Страница 19 из 23
– Сеньор Эрнесто, вы знаете, сколько и каких проблем мне приходилось решать за свою жизнь? А вот у вас, очень может быть, никаких проблем уже не будет никогда.
– В таком случае, сеньор Бельмонте, завтра все светское общество в Буэнос-Айресе узнает, как бесчестно вы поступили с доньей Селией. А также, кто истинный владелец плантации Матавердес. Ведь если вы скрываете этот факт, значит он для вас важен? Выдаете себя за владельца всего лишь доли собственности.
– Сеньор Эрнесто, законность нашей сделки по продаже плантации не сможет оспорить даже Верховный Суд этой страны. А что до моей роли – раскрытие ее будет для меня мелким неудобством, а вот для вас… Вам так хочется разгласить, что у вас в кармане нет абсолютно ничего, кроме долгов? И после найдутся глупцы, кто дадут вам в кредит хоть песо? А уж как будет смеяться столичное общество над жалобами бедного мужа, который не в силах сам восстановить справедливость! Хотите стать всеобщим посмешищем и неудачником – давайте! Я посмотрю и посмеюсь вместе со всеми.
– Сеньор Бельмонте, это просто не по-христиански! Морить голодом несчастного отца ваших любимых учеников.
– Могу предложить вам переселиться сюда, в свое родовое имение. Жилье и стол гарантирую.
– После Буэнос-Айреса? Я тут от скуки помру. Сеньор Бельмонте, а если… Если я вам нужен, как формальный владелец плантации, для представительских целей, то отчего я должен выполнять эту функцию бесплатно?
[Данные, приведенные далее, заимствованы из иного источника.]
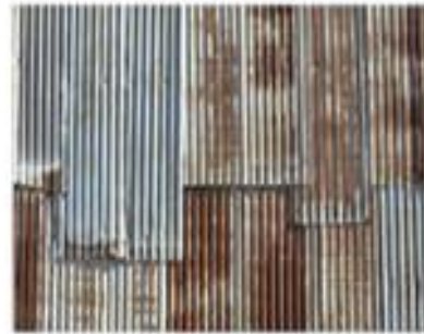
Metal _____ _____ _____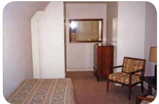
Fourth Floor Bedroom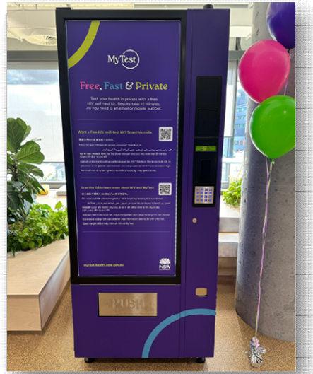
NSW Health HIV Vending Machine

Post quarter end, Atomo announced the renegotiation of its relationship with its European partner Newfoundland Diagnostics, rebalancing the agreement into a long-term commitment. Under the agreement which runs until 30 June 2030 and is worth A$5.44m, Atomo is building a long-term channel in the rapidly emerging pharmacy/retail rapid test market.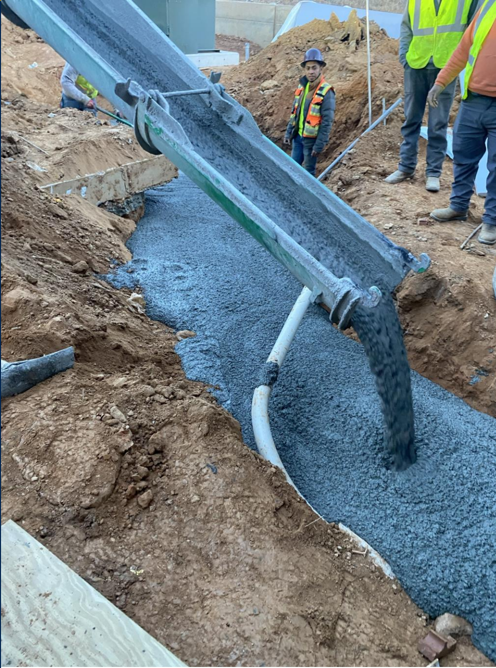
SWITCHBACK RAMP FOOTERS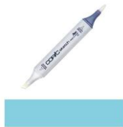
Copic Sketch Marker BG05 HOLIDAY BLUE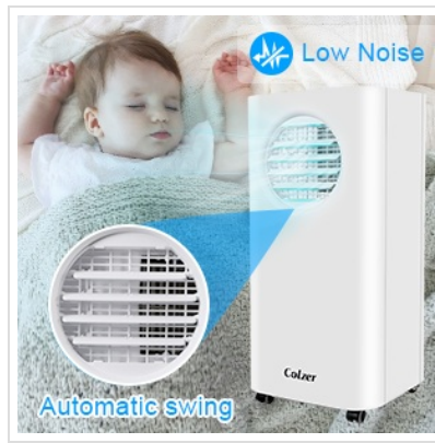
Figure 7: The unit's automatic swing feature, ensuring wide and even air distribution throughout the room.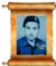
MAJ. VMH 1990-99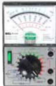
M110A Analog Multimeter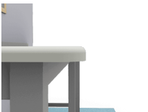
Epoxy worktop with 7mm radiused edge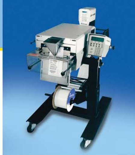
HS 100 Excel® with PI4000 Printer Complete Print-n-Pack system for high-productivity applications.

We guarantee our rebuilt equipment to operate and look like it did when it was new. Every certified rebuilt machine we offer carries a 90-day warranty on parts replacement and 30 days of free labor.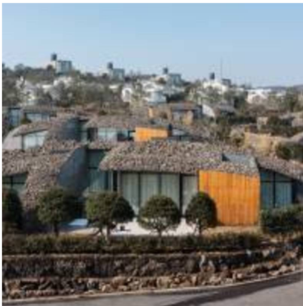
Jeju Ball Hotel

even true of some stone in his work. He laid volcanic rubble over the low sloping roofs of the buildings of the Jeju Ball hotel on South Korea's largest island of Jeju. (The island boasts more than 300 lava cones.) The roofs and the ground are linked in texture, and light from skylights scatters shadows. There is a randomness to the way the light falls and fragments. The connection here, between the natural and the artificial, is produced in the eye of the beholder.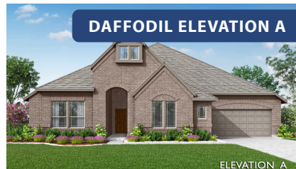
DAFFODIL ELEVATION A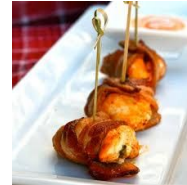
mini chicken & jalapeno /bacon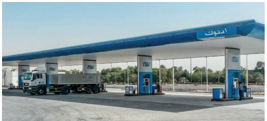
Enormous: the biggest natural gas refuelling station on the Arabian peninsula.

BAUER opened the “Mahawi” natural gas refuelling station one year ago and named it after the capital city of Abu Dhabi where it is located. The station’s fuelling capacity is a record-breaker on the Arab peninsula; it serves an incredible 50 trailer units plus 1,000 taxis daily, all powered by environmentally friendly CNG (Compressed Natural Gas). During the project planning and construction phases, BAUER was able to draw on a wealth of experience from its previous 35 refuelling-station projects in partnership with the state oil and gas company, ADNOC Distributions. Sand, high humidity and extreme temperatures all require extensive specialist expertise. At Mahawi Station, two Trio III systems are in operation. The “III” in the name indicates that these advanced systems are driven by three CFS IK26.14-90-C kit compres-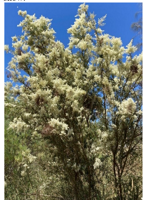
Bursaria in full bloom and lots of pilinaror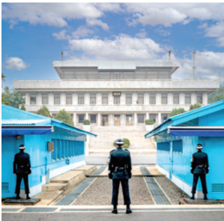
Joint Security Area in DMZ

Journey to the Korean Demilitarized Zone (DMZ), the stark border between North and South Korea. Visit key sites including Imjingak Park, the symbolic Freedom Bridge, and the clandestine Third Infiltration Tunnel. Gain unique perspectives of North Korea from the Dora Observatory and explore Dorasan Station, the northernmost railway station in South Korea. After exploring these poignant and historic sites, return to the hotel for a leisurely evening or further personal exploration.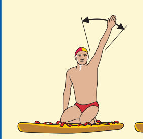
11. Assistance required

(May be conducted from any craft or boat)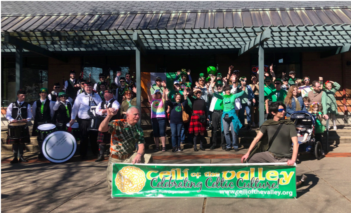
St. Patrick's Walk-About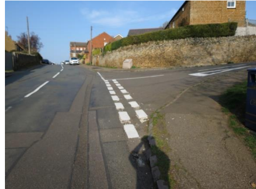
The junction of Blind Lane and Rockingham Road

The Parish Council made a request to paint yellow no parking lines around bottom of High Street. It was the Council's view that parking during school opening and leaving times was causing a problem to the verge and a hazard to through traffic.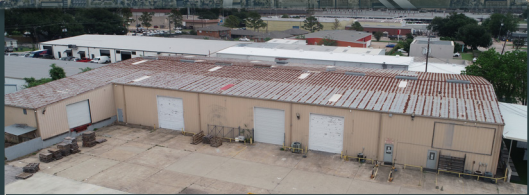
5800 Centralcrest St, Houston, TX 77092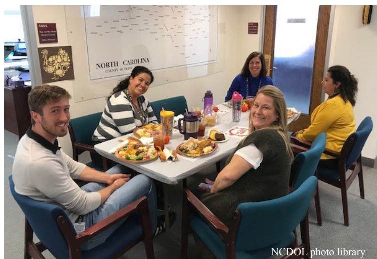
NCDOL employees enjoy the Standards and Inspections Thanksgiving lunch on Nov. 16.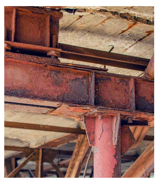
Decades of structural and material neglect, lack of budget, end of design life, and the effects of weather and hazard events have produced an urgent need for bridge replacement and rehabilitation throughout the United States and abroad with new and improved higher toughness and more corrosion resistant steels.

The original ASTM Standard G101 corrosion index, based on the work of Legault and Leckie [15], was used to predict if a steel is weatherable. They utilized a portion of an extensive database published by Larrabee and Coburn. [16] The ASTM Standard G101 was established to estimate corrosion resistance of low-alloy weathering steels derived from chemical composition data and actual atmospheric exposure tests. Many high strength, low alloy steels are currently used in the development stage with chemical composition ranges extending beyond those covered by the ASTM Standard G101. These steels may contain more nickel and copper or elements not included in the Standard G101. Being able to estimate the weatherability of these steels is of primary interest today. As a result, new equations have been added to the revised ASTM Standard G101 corrosion index. [17]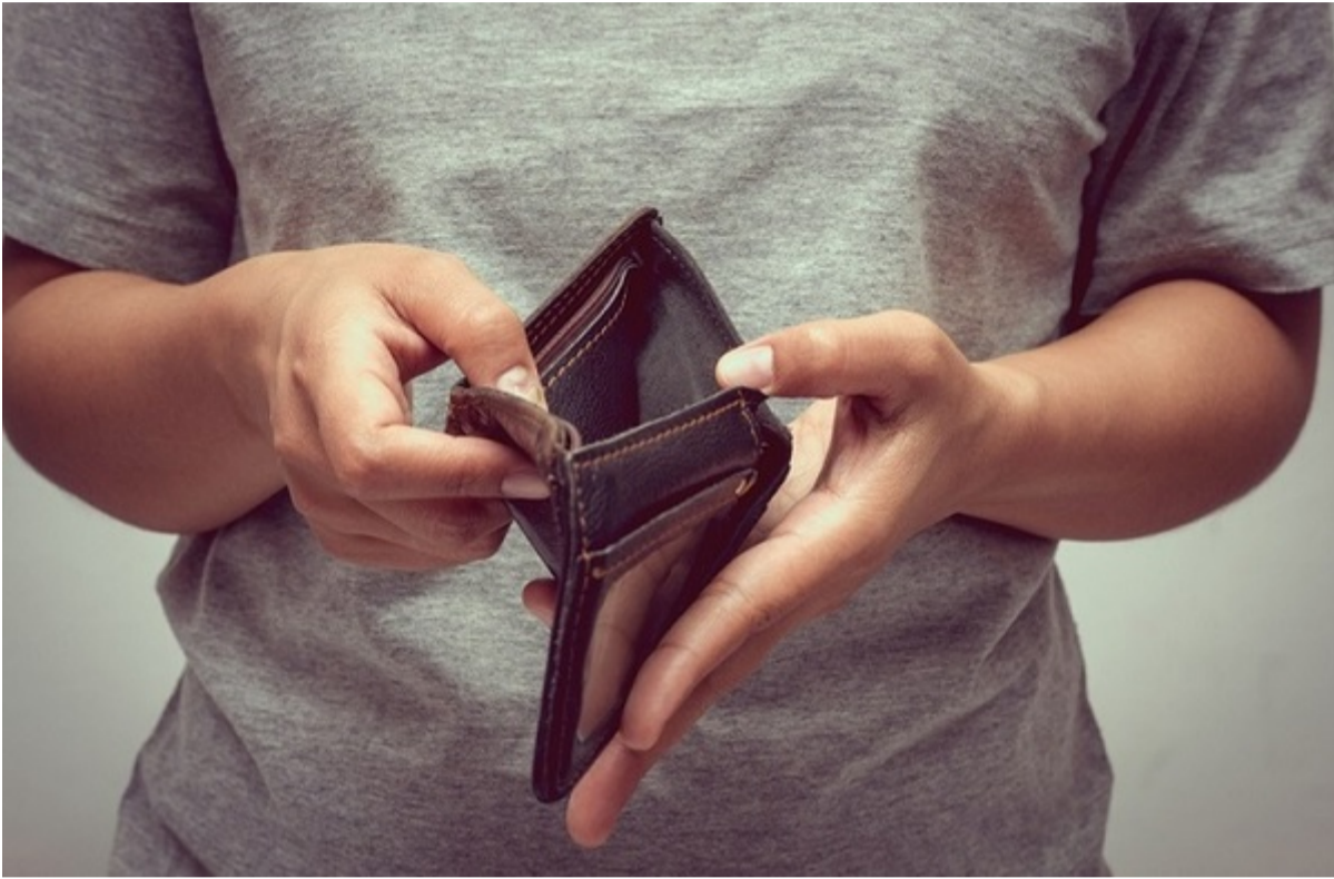
These 20 Everyday Habits Might Be Making You Broke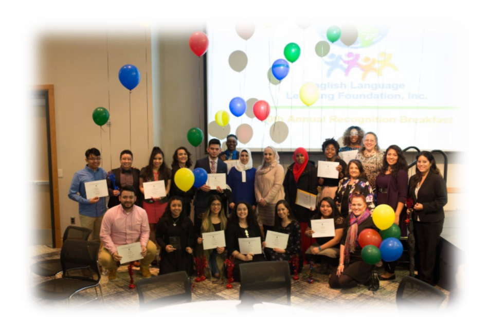
10th Annual Recognition Breakfast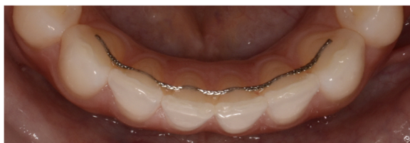
Fig. 2 .016" × .022" eight-strand braided SS wire (D-Rect., ORMCO) bonded to all 6 lower anterior teeth at T_3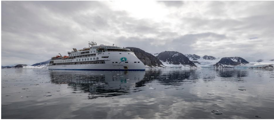
Greg Mortimer

The Ship – The Greg Mortimer can accommodate 132 guests per voyage in 76 cozy, comfortable cabins. All cabins have a view of the ocean, and 85% of the cabins have their own balcony. The ship also features a modern lecture lounge, multiple observation areas, zodiac launching platforms, a restaurant serving excellent meals, a gym and wellness center, Jacuzzis, a mudroom, and many other amenities. A fleet of Zodiac landing craft permits landings anywhere nature or curiosity dictates.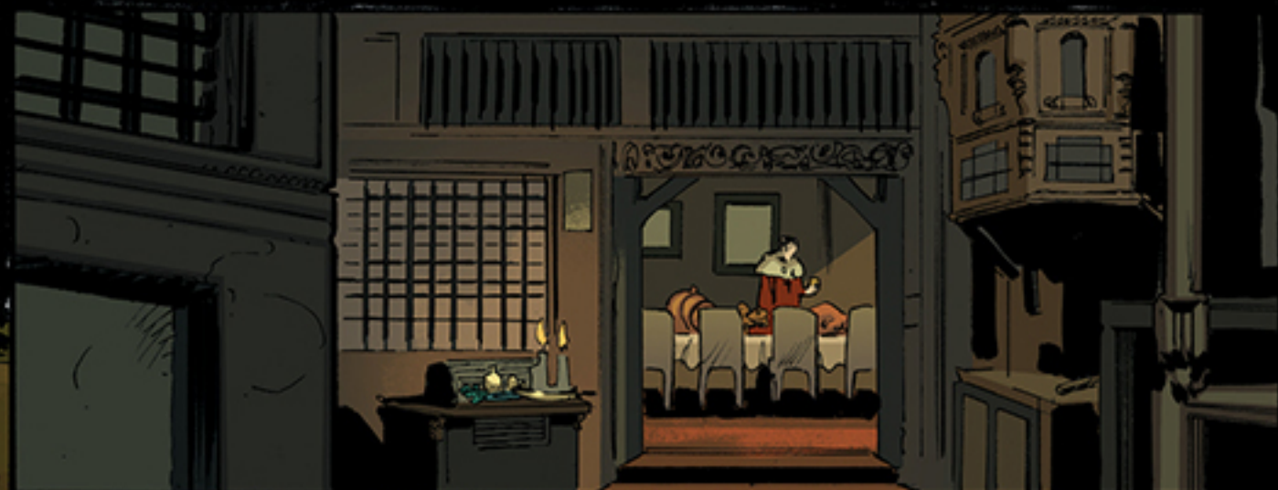
Bishop Oakenfort of Rome.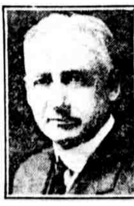
JUDGE MCKENZIE MOSS, Kentucky, new Deputy Commissioner of Internal Revenue.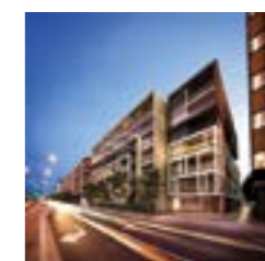
RAPTL Burnley Street Richmond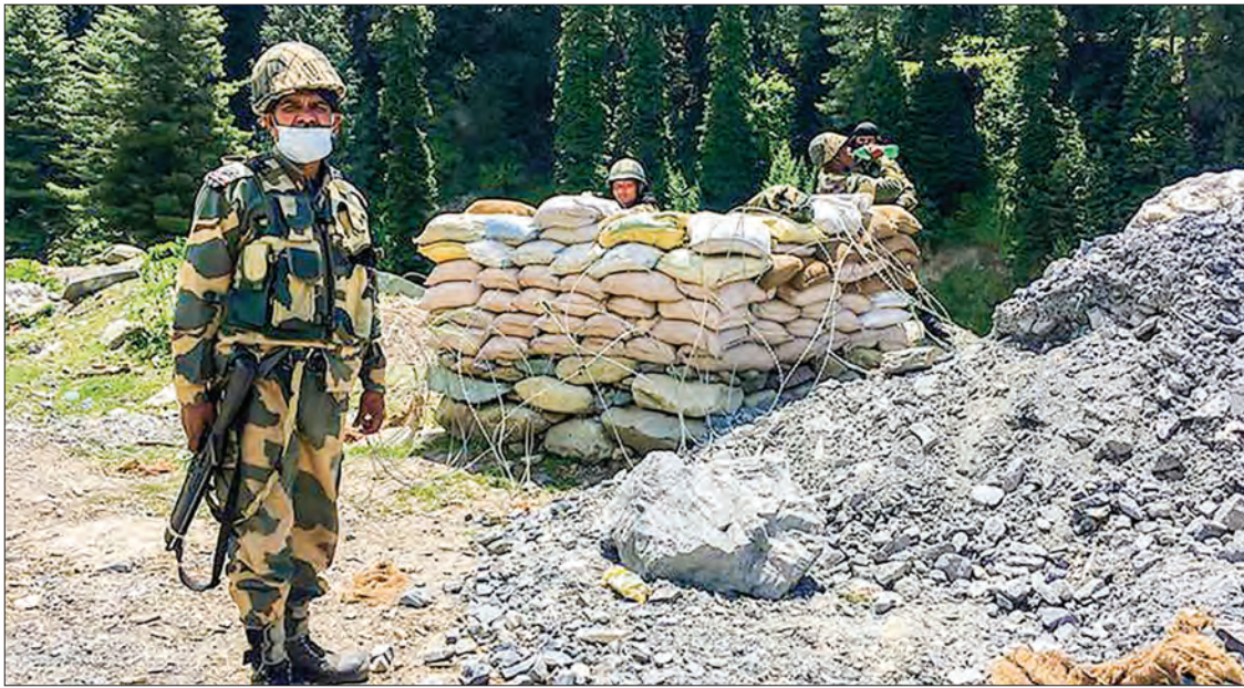
Indian Border Security Force soldiers guard a highway leading towards Leh, bordering China, in Gagangir.

– Ну, если на то пошло, ваше право проживать в этом доме – которым вы не желаете воспользоваться, но тем не менее, оно есть! – тоже что-то стоит? Как и то, что вы называете себе совладельцем плантации Матавердес, не имея на это права – и я молчу. Но так и быть – я готов платить вам жалование управляющего. И ни песо больше!
– А, согласен! При условии, что первый платеж прямо сейчас – и лучше наличными, а не чеком… О, благодарю – вы истинно благородный кабальеро, дон Педро! С вашего позволения, я возвращаюсь в Буэнос-Айрес!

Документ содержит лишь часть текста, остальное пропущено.